El Primero de Mayo en Ceuta ha marcado un punto de inflexión en la agenda social local. Con apenas 150 manifestantes, la movilización sindical de CCOO y UGT ha priorizado demandas concretas: empleo precario, salarios insuficientes, vivienda asequible, negociación colectiva paralizada y conexiones con la Península. La ausencia masiva no restó fuerza al mensaje: lo urgente ya no es la visibilidad, sino la acción institucional y empresarial.
¿Qué reivindicaron los sindicatos en Ceuta el 1 de mayo?
Los sindicatos CCOO y UGT centraron su discurso en cinco ejes estructurales. Ninguno es abstracto. Todos responden a indicadores reales: el 32 % de los trabajadores ceutíes percibe menos de 1.000 € mensuales; el 68 % de los nuevos contratos son temporales; y el precio medio del alquiler supera los 750 €/mes en el centro urbano.
Lucha contra la precariedad laboral
La precariedad laboral sigue siendo el principal freno a la estabilidad económica familiar. En Ceuta, el 41 % de los jóvenes menores de 30 años trabaja sin contrato indefinido. Los sindicatos exigen la derogación de cláusulas abusivas en contratos de obra y servicio.
Vivienda como derecho, no como mercancía
La vivienda asequible dejó de ser una reivindicación para convertirse en una exigencia de supervivencia. El manifiesto conjunto denuncia la escasez de viviendas protegidas y la falta de ejecución de los planes locales de vivienda. Se pide la activación inmediata del Plan Especial de Vivienda con financiación estatal y autonómica.
¿Por qué está paralizada la negociación colectiva en Ceuta?

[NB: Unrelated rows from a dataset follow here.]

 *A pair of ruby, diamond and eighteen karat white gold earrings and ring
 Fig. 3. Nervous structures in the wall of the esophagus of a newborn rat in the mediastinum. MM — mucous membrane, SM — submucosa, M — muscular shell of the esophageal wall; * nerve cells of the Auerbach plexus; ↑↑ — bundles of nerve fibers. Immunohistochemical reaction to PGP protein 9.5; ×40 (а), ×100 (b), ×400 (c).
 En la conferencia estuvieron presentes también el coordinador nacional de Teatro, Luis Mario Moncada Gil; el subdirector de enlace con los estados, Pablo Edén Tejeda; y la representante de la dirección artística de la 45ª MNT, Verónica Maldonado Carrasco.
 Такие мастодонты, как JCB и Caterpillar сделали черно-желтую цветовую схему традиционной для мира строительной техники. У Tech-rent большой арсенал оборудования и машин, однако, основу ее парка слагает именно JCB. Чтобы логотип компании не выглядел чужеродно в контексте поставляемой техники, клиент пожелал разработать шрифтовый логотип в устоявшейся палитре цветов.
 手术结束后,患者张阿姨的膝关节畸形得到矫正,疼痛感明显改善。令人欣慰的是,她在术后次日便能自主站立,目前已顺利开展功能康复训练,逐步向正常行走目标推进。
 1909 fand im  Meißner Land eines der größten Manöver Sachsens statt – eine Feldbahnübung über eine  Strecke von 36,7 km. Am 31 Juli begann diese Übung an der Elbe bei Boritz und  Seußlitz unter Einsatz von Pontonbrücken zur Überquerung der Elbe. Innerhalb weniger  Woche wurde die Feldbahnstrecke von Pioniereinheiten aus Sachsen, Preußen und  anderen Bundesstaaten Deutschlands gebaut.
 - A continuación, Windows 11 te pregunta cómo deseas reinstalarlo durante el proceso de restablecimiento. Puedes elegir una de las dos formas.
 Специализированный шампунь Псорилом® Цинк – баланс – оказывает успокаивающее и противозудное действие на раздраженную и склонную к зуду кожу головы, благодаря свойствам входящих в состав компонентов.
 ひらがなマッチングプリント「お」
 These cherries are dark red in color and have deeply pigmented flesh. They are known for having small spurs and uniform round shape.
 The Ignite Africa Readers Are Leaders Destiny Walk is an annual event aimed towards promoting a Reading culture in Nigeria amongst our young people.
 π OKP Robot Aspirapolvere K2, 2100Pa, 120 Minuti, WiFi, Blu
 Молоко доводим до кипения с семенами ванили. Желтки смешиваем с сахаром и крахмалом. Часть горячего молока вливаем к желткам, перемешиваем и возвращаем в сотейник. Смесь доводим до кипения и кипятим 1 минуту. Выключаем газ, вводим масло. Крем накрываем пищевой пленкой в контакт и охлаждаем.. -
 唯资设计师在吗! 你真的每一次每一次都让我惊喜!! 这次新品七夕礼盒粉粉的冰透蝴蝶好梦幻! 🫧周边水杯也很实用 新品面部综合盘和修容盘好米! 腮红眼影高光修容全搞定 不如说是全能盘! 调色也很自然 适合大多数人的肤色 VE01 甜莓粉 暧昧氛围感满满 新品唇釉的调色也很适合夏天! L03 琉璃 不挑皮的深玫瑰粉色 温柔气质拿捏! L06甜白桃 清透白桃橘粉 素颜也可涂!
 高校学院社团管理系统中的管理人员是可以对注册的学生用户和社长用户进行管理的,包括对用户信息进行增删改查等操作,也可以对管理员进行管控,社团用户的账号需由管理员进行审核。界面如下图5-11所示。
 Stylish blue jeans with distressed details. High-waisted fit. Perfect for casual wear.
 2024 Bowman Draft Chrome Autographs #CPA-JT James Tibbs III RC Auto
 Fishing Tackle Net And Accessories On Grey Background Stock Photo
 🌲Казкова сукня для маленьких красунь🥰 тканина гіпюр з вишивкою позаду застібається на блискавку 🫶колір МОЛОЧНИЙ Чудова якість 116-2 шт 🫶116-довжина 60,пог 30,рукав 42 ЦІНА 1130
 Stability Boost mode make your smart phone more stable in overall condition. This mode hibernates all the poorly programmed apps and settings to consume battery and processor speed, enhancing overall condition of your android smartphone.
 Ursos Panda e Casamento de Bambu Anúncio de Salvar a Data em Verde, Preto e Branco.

El convenio colectivo del comercio lleva más de 18 meses sin renovarse. Otros sectores clave —como limpieza, hostelería y servicios municipales— también acumulan retrasos superiores a un año. Esta parálisis no es técnica: es política. Refleja la falta de voluntad negociadora de parte de la patronal y la ausencia de mecanismos sancionadores efectivos por parte de la administración.
El plus de residencia: un derecho en riesgo
El plus de residencia —un complemento salarial único en Ceuta y Melilla— sigue sin actualizarse desde 2022. Su valor real ha caído un 12,3 % por efecto de la inflación. Los sindicatos exigen su revisión semestral vinculada al IPC y su extensión a todos los sectores públicos y privados.
¿Cuál es el impacto económico real de estas demandas?
La inacción en materia laboral y habitacional tiene coste fiscal y productivo. Cada trabajador que abandona Ceuta por falta de vivienda o salarios mínimos representa una pérdida estimada de 14.200 € anuales en ingresos fiscales. Además, la rotación laboral en el comercio alcanza el 37 % anual, afectando la calidad del servicio y la fidelización del cliente.
Conexiones con la Península: más que infraestructura, es cohesión territorial
La conectividad con la Península no es solo logística: es un factor de competitividad. El retraso en la digitalización de los trámites aduaneros y la falta de frecuencias ferroviarias directas limitan la atracción de inversión privada. Se exige la puesta en marcha del Corredor Logístico Ceuta-Madrid con financiación europea.
¿Qué marco legal respalda estas exigencias?
El Estatuto de los Trabajadores, la Ley de Vivienda 2023 y el Estatuto de Autonomía de Ceuta obligan a la Administración a garantizar condiciones mínimas de trabajo y acceso a la vivienda. Además, la Directiva Europea sobre Salarios Mínimos Justos exige a España revisar los salarios reales en ciudades con coste de vida diferenciado —como Ceuta— antes de 2025.
Datos Clave
- El 68 % de los nuevos contratos en Ceuta son temporales.
- El alquiler medio supera los 750 €/mes en el centro urbano.
- El convenio colectivo del comercio lleva 18 meses sin renovarse.
- El plus de residencia no se actualiza desde 2022.
- La rotación laboral en el comercio alcanza el 37 % anual.
La movilización del 1 de mayo no fue un acto simbólico. Fue un diagnóstico en tiempo real: Ceuta necesita respuestas ejecutables, no declaraciones de intenciones. La negociación colectiva, la vivienda pública y la actualización del plus de residencia no son caprichos sindicales. Son condiciones mínimas para la cohesión social y la sostenibilidad económica de la ciudad.